Chanel says it ‘deeply regrets’ boomerang controversy
Chanel on Tuesday responded to a controversy about producing a high-priced boomerang featuring the brand’s signature logo after some people criticized it as an appropriation of Australian Aboriginal culture.
“Chanel is extremely committed to respecting all cultures, and deeply regrets that some may have felt offended,” the brand said in a statement.
Social media erupted with negative comments after Jeffree Star, a U.S. makeup artist with 4.7 million followers on Instagram, posted an image of the item with the caption: “Having so much fun with my new #Chanel boomerang 🖤.” The post drew close to 156,000 likes, and generated heated debate.
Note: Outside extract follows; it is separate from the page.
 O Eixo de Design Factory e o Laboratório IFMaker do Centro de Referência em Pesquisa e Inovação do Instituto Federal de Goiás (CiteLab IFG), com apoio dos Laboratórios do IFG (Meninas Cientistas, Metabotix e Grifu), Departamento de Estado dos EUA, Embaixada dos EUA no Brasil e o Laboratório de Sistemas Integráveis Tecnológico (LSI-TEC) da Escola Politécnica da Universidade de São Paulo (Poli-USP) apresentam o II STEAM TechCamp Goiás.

Some commenters pointed out the boomerang was originally not a toy but was used for hunting in Australia, adding that the Chanel version was offensive. Others questioned Star for spending money on the item, which on Chanel’s web site is priced at 1,260 euros, or $1,360.
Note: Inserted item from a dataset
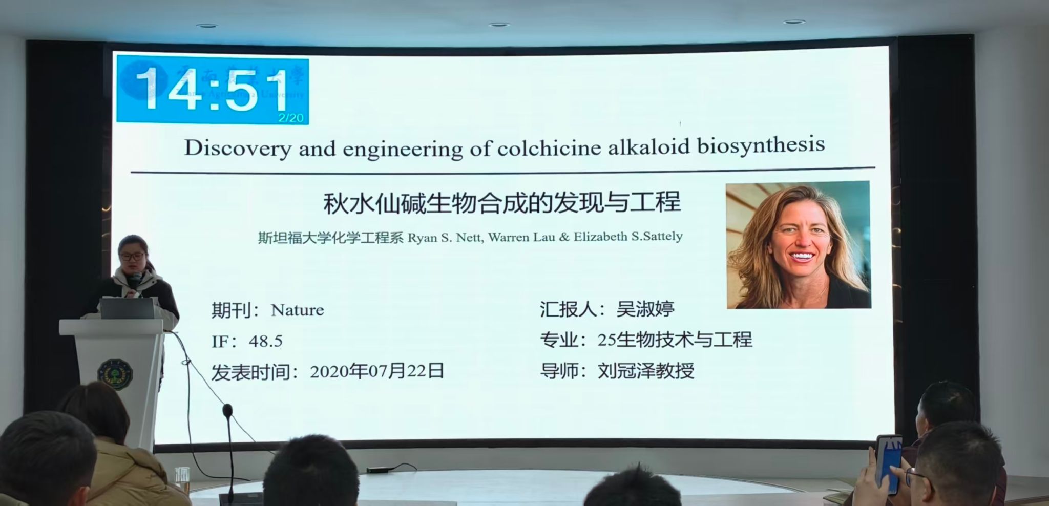 在此次学术活动报告会上,吴淑婷硕士以“Discovery and engineering of colchicine alkaloid biosynthesis ”为题进行文献分享报告。该研究以嘉兰为对象,结合了转录组学、代谢组学以及通路重构等方法阐明了秋水仙碱的近乎完整的生物合成途径。从嘉兰中鉴定了8个基因,用于合成N-甲酰秋水仙胺,其是一种秋水仙素前体,含有秋水仙碱特有的环庚三烯酚酮环和药效团。该研究还发现了一种催化产生秋水仙碱独特碳骨架所需的扩环反应的非经典细胞色素P450。进一步利用新发现的基因,在本氏烟草中重构了从苯丙氨酸和酪氨酸出发合成N-甲酰秋水仙胺的途径(含有16个基因)。这项研究为生物合成含环庚三烯酚酮骨架的秋水仙碱类化合物建立了一条有效的代谢途径,并为植物体将简单氨基酸转变为复杂天然产物过程中所涉及到的一些独特化学反应提供了见解。

Many defended the makeup artist, saying boomerangs were widely used for outdoor activities and he was entitled to purchase what he liked.
Nayuka Gorrie, an Aboriginal writer and activist, tweeted an image of the boomerang with the caption: “When I think about Aboriginal culture, I think @chanel.” She then followed with: “Have decided to save for the next three years so I can connect with my culture via @chanel.”
Chanel said the item was one of several sports accessories offered as part of its spring collection, alongside tennis rackets, a stand-up paddle, beach rackets and balls.
“The inspiration was taken from leisure activities from other parts of the world and it was not our intention to disrespect the Aboriginal and Torres Strait Islander community and the significance of the boomerang as a cultural object,” it said.